MR. McHANEY: If the Tribunal pleases, I will not offer an objection to the admissibility of this document if it can be put in without reading or without any discussion with the witness. The Tribunal will note this is nothing more than an affidavit from the witness, stating that he did make these trips. In order to shorten the proceedings, if Doctor Nelte is willing to put this in without reading it into the record, and without any questions to the witness, I offer no objections. If he is going to engage in interrogating the witness about these trips or anything of that nature, then I object to its admissibility on the ground it is nothing more than a statement of the witness who is now on the stand.
THE PRESIDENT: Does that refer to Handloser's Document No. 41?
DR. NELTE: Document HA 29-A, Exhibit 3.
For the reasons which Mr. McHaney has just given, I had this table prepared so that I would not have to ask the witness on the stand about his individual trips.
And, I therefore assume that he has no objection to the submission of this document, and I ask you to accept this document. In the case of defendant Handloser, it is important whether he knew of certain events which took place at home, in Berlin. It makes a difference whether some one was continually in Berlin, at his office, or whether he was at the Headquarters of the Army, and at the various theaters of war. This table is to help you to determine the question of what actual possibility there was at various times for Handloser —
THE PRESIDENT: (Interposing) Does the Counsel understand? The Counsel for the Prosecution has no objection to the admissibility of this document in evidence. The Counsel has simply stated that he would suggest that the examination of the witness be limited to refreshing his recollection from this document as to certain matters, and not testifying in detail concerning it. Now the document may be admitted in evidence. You may proceed.
BY DR. NELTE:
Q: I ask you, Professor Handloser, whether this table which you have signed is correct?
A: It is correct. I have seen only one mistake in it. That is on page 68, in the year 1944. The meeting in Breslau which has been mentioned frequently here is entered under August; it was not in August, it was in June. That is the only thing that is incorrect.
THE PRESIDENT: The error of the witness may be corrected.
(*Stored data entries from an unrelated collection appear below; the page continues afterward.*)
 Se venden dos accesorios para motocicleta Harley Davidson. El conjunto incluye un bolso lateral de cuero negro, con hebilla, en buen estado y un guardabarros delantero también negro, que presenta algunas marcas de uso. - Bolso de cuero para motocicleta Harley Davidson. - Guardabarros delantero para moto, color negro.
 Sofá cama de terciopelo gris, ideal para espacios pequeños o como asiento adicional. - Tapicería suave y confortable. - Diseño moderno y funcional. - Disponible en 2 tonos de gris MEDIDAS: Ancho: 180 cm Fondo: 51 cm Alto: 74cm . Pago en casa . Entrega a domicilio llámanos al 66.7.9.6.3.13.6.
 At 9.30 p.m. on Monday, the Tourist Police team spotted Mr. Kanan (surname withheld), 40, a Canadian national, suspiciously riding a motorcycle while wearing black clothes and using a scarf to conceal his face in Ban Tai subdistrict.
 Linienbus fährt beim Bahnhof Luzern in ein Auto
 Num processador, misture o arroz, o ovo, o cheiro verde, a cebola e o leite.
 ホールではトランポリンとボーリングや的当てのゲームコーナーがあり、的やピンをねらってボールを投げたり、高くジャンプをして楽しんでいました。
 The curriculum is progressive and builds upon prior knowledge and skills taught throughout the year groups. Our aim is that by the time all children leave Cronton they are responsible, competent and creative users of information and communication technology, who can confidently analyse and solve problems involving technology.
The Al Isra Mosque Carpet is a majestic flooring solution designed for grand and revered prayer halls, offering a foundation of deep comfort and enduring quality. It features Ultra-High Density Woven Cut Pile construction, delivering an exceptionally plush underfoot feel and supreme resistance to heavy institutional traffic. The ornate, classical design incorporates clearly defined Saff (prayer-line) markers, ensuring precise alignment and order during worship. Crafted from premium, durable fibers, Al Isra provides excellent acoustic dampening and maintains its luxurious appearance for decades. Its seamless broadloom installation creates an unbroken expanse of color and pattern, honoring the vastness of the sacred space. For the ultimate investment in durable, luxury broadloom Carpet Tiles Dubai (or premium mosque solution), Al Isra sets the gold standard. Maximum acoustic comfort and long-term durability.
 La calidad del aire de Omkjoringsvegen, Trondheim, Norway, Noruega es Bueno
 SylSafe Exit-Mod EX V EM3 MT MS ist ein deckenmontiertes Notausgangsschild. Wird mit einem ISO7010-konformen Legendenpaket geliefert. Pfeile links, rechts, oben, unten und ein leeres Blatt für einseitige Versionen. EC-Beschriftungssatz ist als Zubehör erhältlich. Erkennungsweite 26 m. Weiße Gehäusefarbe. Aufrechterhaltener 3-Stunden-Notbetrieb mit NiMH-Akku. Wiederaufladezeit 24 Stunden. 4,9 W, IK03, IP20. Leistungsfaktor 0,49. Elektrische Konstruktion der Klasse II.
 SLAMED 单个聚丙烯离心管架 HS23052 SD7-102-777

Q: Now, before you present your individual functions, I should like to ask you to explain to the Tribunal the terms Medical Sanitaeswesen and Sanitaesdienst, which has frequently been used here?
A: That is as follows: If the word Sanitaesdienst is used, that means the duties referring primarily to the Medical Service in connection with the troops; that is, the medical tasks which are connected with Military Service, and where the medical superiors are bound to their military superiors; whether that is in the field army or in the home army, it makes no difference. If I use the word Sanitaeswesen, then in addition to this Military Service, this is everything which makes possible this Medical Service in the Military Service; that is, all the basic work and duties which make the Medical Service in the Army possible at all.
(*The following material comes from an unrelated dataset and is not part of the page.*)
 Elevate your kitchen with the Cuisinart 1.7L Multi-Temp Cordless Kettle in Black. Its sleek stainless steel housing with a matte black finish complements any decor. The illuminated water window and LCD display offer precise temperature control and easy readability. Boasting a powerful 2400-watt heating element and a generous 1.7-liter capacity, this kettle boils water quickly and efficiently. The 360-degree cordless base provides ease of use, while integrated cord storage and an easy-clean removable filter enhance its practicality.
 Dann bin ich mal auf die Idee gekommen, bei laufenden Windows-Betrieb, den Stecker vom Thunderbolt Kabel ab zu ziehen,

And, if I may give an example, something which played a role here, it must be emphasized that research has nothing to do with Sanitaesdienst. Those working in the Sanitaesdienst in the Medical Service have, on the whole, no opportunity to concern themselves with research. However, the basic work of the Sanitaeswesen does include research. Concerning the extent and the manners as to how research is connected with medical matters, I might say it is another phase.
Q: Now, will you please tell the Tribunal about your activities as Army Physician?
A: I must make a distinction between the two fields of work here.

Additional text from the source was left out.